On our opening reading today, from the book of Judges, God’s people have been oppressed for twenty years by King Jabin. The strength of his oppression is emphasized by the fact that he has nine hundred  iron chariots.

The judges described in this book were not only people who helped citizens resolve conflicts, but also military leaders and charismatic spiritual leaders and sometimes prophets. In our passage this morning, we meet Deborah, the only woman judge in the history of God’s people. Deborah is a highly respected and wise person, People come from long distances to consult her because of her wisdom.

In our passage this morning. God tells Deborah to let Barak know that God wants Barak to fight the dreaded Jabin.  Actually, Barak will be waging war against Sisera, Jabin’s military leader. In the part that is omitted from our lectionary, Barak says he will not lead the troops into battle unless Deborah goes with him. Barak is an excellent general and Deborah is known as an expert military tactician. With the help of another courageous woman, Jael, they defeat Sisera.

Scholars tell us that the Book of Judges describes events dating back to the twelfth and thirteenth centuries before the birth of our Lord. It is encouraging to think that God’s people had a woman such as Deborah as a spiritual, legal, and military leader thirty-four hundred years ago.
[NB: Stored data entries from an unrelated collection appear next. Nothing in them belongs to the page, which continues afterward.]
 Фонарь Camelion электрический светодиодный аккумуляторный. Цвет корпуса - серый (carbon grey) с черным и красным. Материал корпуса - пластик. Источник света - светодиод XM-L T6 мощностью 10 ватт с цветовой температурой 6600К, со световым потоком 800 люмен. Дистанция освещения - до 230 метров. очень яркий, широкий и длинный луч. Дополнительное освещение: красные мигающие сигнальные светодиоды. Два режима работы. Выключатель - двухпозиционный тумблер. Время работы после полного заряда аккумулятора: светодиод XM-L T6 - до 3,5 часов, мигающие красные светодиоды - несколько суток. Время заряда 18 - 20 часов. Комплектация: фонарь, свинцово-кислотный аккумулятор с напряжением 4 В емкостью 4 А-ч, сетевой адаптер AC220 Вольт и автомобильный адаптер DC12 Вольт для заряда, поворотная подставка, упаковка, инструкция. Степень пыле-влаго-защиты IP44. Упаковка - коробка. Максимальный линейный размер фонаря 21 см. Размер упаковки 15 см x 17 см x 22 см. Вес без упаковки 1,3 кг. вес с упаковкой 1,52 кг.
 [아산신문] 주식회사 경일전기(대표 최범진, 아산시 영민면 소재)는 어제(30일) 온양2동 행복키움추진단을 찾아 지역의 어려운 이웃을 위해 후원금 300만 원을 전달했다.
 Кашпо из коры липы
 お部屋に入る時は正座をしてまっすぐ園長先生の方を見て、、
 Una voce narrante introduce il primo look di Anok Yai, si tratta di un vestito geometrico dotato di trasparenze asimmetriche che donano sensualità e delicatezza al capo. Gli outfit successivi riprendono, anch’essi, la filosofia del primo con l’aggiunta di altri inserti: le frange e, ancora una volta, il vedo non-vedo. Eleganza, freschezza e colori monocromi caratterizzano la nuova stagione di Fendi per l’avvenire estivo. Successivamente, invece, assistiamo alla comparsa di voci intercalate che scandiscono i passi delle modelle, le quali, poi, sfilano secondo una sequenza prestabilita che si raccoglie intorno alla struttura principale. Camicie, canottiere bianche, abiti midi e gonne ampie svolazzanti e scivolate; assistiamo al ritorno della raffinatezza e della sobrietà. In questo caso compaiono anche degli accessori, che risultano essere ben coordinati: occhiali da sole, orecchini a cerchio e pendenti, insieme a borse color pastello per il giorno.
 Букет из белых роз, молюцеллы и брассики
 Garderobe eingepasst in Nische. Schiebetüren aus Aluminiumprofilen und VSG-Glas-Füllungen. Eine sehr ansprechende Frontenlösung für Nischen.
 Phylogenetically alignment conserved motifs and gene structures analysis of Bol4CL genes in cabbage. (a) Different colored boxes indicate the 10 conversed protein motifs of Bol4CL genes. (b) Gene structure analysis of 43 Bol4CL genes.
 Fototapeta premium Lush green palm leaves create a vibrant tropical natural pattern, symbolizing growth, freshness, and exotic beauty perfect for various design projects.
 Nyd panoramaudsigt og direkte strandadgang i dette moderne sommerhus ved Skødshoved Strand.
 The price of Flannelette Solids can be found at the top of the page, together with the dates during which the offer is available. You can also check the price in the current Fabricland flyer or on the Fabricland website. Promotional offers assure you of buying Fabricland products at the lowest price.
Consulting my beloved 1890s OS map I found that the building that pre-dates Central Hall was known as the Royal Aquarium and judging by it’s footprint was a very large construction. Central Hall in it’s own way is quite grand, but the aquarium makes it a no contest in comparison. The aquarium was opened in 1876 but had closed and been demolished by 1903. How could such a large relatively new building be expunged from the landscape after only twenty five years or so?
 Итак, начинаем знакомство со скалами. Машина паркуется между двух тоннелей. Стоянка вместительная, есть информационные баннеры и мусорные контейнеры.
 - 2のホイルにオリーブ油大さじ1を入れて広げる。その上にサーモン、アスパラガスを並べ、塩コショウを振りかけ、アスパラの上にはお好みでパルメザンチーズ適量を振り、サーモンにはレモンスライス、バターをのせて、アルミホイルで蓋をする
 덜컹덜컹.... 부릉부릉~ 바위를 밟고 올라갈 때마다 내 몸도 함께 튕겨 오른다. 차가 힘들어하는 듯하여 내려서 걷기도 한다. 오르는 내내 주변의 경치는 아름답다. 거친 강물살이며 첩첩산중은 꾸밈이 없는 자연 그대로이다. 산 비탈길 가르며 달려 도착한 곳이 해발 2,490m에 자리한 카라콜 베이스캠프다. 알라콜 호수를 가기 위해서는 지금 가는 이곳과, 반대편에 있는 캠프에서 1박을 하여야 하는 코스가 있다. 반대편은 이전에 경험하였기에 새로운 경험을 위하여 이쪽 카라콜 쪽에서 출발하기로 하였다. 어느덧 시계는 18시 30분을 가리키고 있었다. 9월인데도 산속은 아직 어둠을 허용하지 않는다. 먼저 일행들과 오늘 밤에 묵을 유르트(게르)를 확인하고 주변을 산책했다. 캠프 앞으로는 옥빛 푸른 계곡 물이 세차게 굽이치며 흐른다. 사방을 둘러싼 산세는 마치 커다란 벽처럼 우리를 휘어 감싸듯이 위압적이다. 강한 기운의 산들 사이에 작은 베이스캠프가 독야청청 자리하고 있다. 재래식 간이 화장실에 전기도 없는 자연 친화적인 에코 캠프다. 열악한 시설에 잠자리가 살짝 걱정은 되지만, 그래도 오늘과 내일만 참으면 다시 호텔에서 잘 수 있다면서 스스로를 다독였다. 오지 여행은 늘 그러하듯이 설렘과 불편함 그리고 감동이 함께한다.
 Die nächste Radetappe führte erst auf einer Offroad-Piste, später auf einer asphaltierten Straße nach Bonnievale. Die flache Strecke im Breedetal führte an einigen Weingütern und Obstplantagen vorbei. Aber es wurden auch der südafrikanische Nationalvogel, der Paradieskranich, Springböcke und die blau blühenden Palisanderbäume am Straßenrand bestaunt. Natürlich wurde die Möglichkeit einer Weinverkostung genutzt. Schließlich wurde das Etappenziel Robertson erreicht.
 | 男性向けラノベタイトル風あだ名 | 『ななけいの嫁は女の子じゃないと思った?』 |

All these centuries later, we have elected our first woman Vice-President.

In our reading from Thessalonians, we are reminded that we are “children of the light” and we are called to “put on the breastplate of faith and love, and for a helmet the hope of salvation”

In our gospel, a man goes on a journey and gives five talents fo one servant, two talents to another, and one talent to another. As we know, back in those days, the gold coin known as a talent was worth a huge amount of money. After a long time, the man comes back. The servants who were given the five talents and the two talents have each doubled the money given. If we use our talents well, we receive two things—more responsibility and the joy of our master. But the servant who was afraid buried his talent. His fear paralyzed him.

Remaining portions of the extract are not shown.